Management / strategy consulting: Not very technical at all. You won’t be doing the kind of detailed financial modeling you’d see in IB or PE, and you’re certainly not writing code, but there r some analytical things obviously (not like you won't ever touch excel etc). Market sizing, pricing elasticity exercises, segmentation analysis, benchmarking, and building logical models of how a business works are all staples. In diligence work (especially commercial diligence), things become more numbers-driven: triangulating market size, pressure-testing management forecasts, understanding unit economics, and building models around adoption curves or cost drivers. It kind of makes sense when you think about it, you're moreso advising on decisions not numbers, and the numbers just help you make a decision. Comp is around $130-140K for consultants (MBB).

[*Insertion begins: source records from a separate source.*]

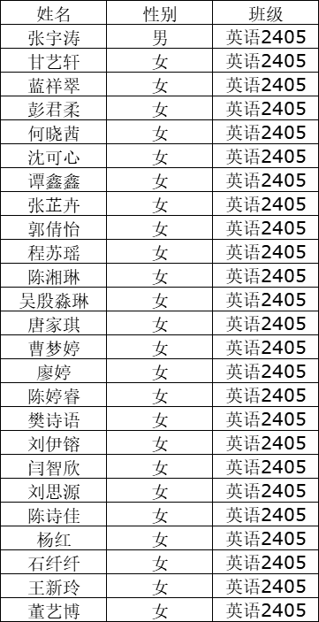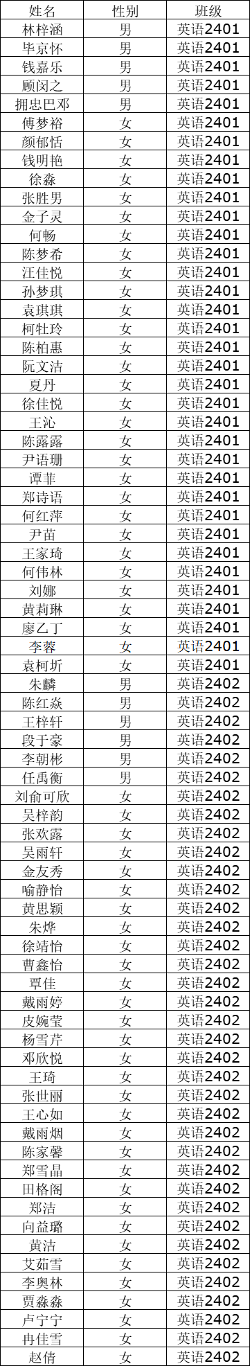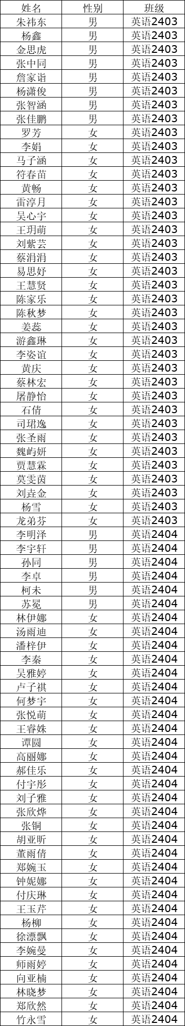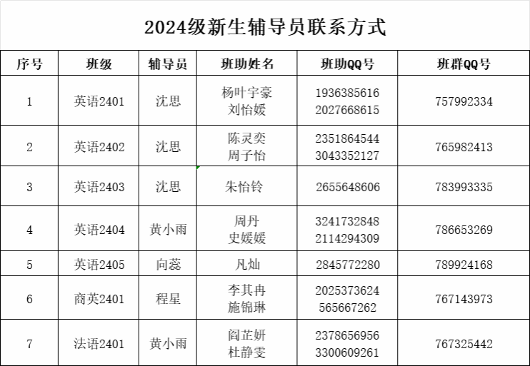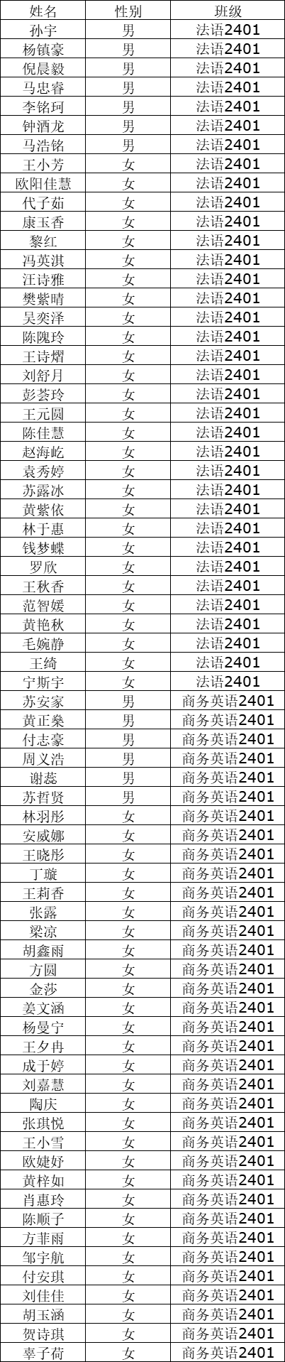 全体2024级新生:学院现根据学校招就处录取专业及英语专业分方向(含实验班)意愿征求,现公布2024级yl7703永利集团各专业分班名单,yl7703永利集团2024级共分为7个专业班级:法语2401本 、商务英语2401本 、英语2401本(含翻译和教育方向)、 英语2402本(教育方向)、英语2403本(教育方向)、英语2404本 (教育方向)、英语2405本(综合实验班)。
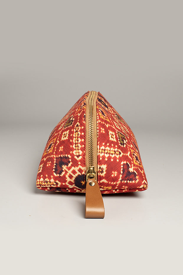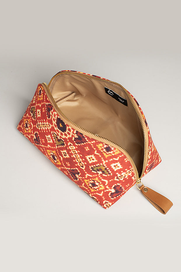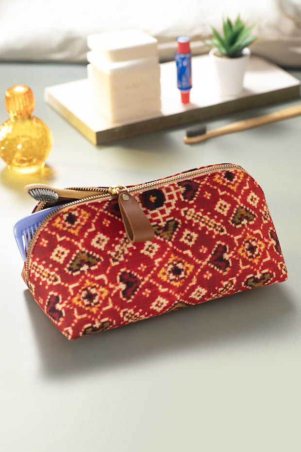 Ikat Print Toilet Kit, travel-friendly pouch inspired by Ikat weaves.
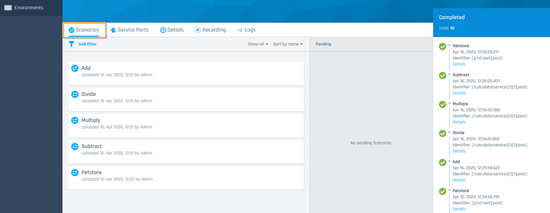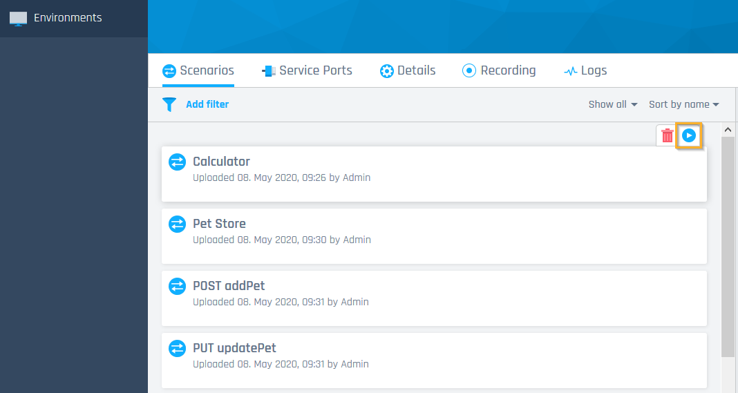 In der Regel werden Ihre Testaktivitäten blockiert, wenn Ihre Services nicht verfügbar sind. Mit OSV können Sie Szenarien verwenden, anstatt mit den realen Services kommunizieren zu müssen. Auf diese Weise können Sie die Tests fortsetzen, auch wenn ein Service nicht verfügbar ist. Jedes Szenario gehört zu einem OSV Environment, in dem Sie es ausführen können.
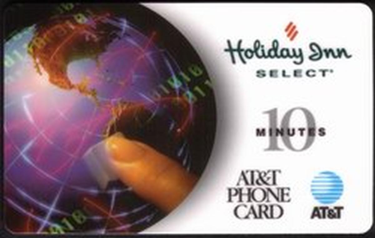 No other decorative elements or images are present on the card apart from the business and travel-related symbols and brand names. The card’s design emphasizes its use as a promotional item associated with the Holiday Inn Select hotel, business travel, and AT&T telecommunications services, making it a collectible phone card targeted at business travelers.
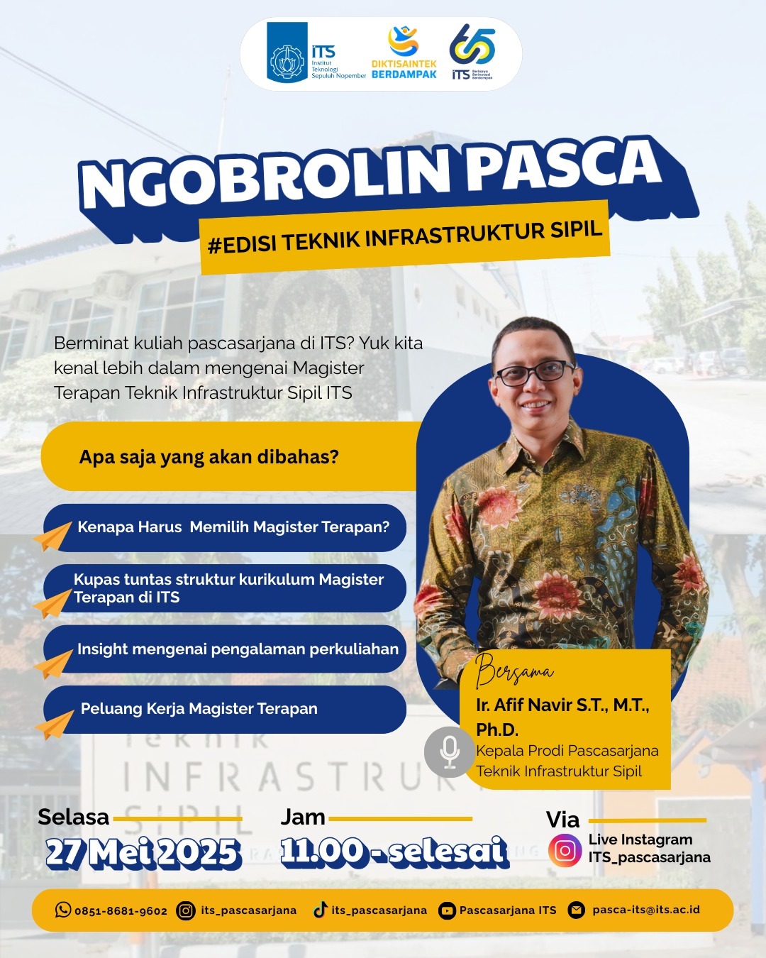 🗓️ Tanggal: Selasa, 27 Mei 2025 🕚 Pukul: 11.00 WIB – selesai 📍 Live via Instagram: @ITS_pascasarjana

Other consulting: Varies wildly, and given how many different types there are, can't really speak to each individually. Tech consulting (cloud, data, architecture, cyber) can get very technical. You’re not writing production code as a consultant, but you might be designing systems, evaluating infrastructure, working with engineers, or translating technical tradeoffs for executives. Ops consulting can be technical in an industrial-engineering way: process modeling, throughput analysis, supply chain network design, inventory optimization, etc. Then you got stuff like HR consulting which are not at all technical. IMO people in these types of consulting are in in because of the love of the game, not so much astronomical comp.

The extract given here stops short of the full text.